The National Organization for Women and five other women's groups have asked Congress to investigate the U.S. Food and Drug Administration's recent review of silicone-gel breast implants. The groups contend that an FDA e-mail suggests agency officials were under outside pressure to approve the controversial devices, the Associated Press reported.

Inamed Corp. and Mentor Corp. are seeking an end to a 13-year FDA ban on most uses of the implants, which many women blame for a variety of health problems caused by leaking silicone. Earlier this month, an FDA advisory panel recommended that Mentor's implants be allowed back on the market under the certain conditions, but Inamed's products required more review. The FDA is weighing that advice as it completes its own review, the AP said.

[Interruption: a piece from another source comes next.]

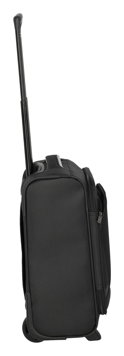 Travelite Jetpack Easy 2 Cabin z odolného a pevného polyesteru s kompaktními rozměry 40 x 30 x 20 cm bude ideální společník na všechny vaše víkendové výlety a pobyty. Extra lehký textilní kufr velikosti S vybavený integrovaným kombinačním zámkem a šikovnými vnějšími kapsami na zip k bezpečnému uložení drobností poskytne dostatek místa na všechno, co s sebou na cestách potřebujete mít, a navíc splňuje předpisy pro kabinová zavazadla leteckých společností EasyJet, Vueling a Wizz Air. Cestování za prací i odpočinkem tak pro vás bude zase o něco snadnější. Uvnitř kufru najdete přihrádku na košile i balicí popruhy, které udrží věci úhledně uložené na svém místě. Pohodlnou jízdu a manipulaci zajistí dvě robustní kolečka, lehká výsuvná rukojeť a pohodlné madlo do ruky, případně i speciální popruh na zadní straně umožňující nasazení na rukojeť většího cestovního kufru. Moderní vzhled a nadčasový design šikovně doplňuje logo a reflexní pruh na přední straně.

A month before the advisory panel met, an aide to FDA Acting Commissioner Lester Crawford e-mailed the agency's medical device chief an unsigned "Update on Silicone Gel Breast Implants" that contended the devices were safe and that criticism of them amounted to "junk science," the AP said.

Responding in e-mail to the aide, FDA medical device chief Dr. Daniel Schultz wrote, "The truth lies somewhere in between this very positive perspective and the totally negative viewpoint of the other side," the news service said.

The women's groups sent copies of the e-mail to members of Congress on Thursday, asking that it and other complaints about silicone implants be investigated. "This e-mail implies the FDA had a predetermined interest in approval even before the FDA advisory panel met," they wrote.

A Senate panel -- the Health, Education, Labor and Pensions Committee, which oversees the FDA -- is reviewing the groups' request, a spokesman said.

FDA spokeswoman Julie Zawisza told the AP that the e-mailed "update" was not an FDA document and did not represent the agency's position. "We receive a lot of input from a lot of parties," she said.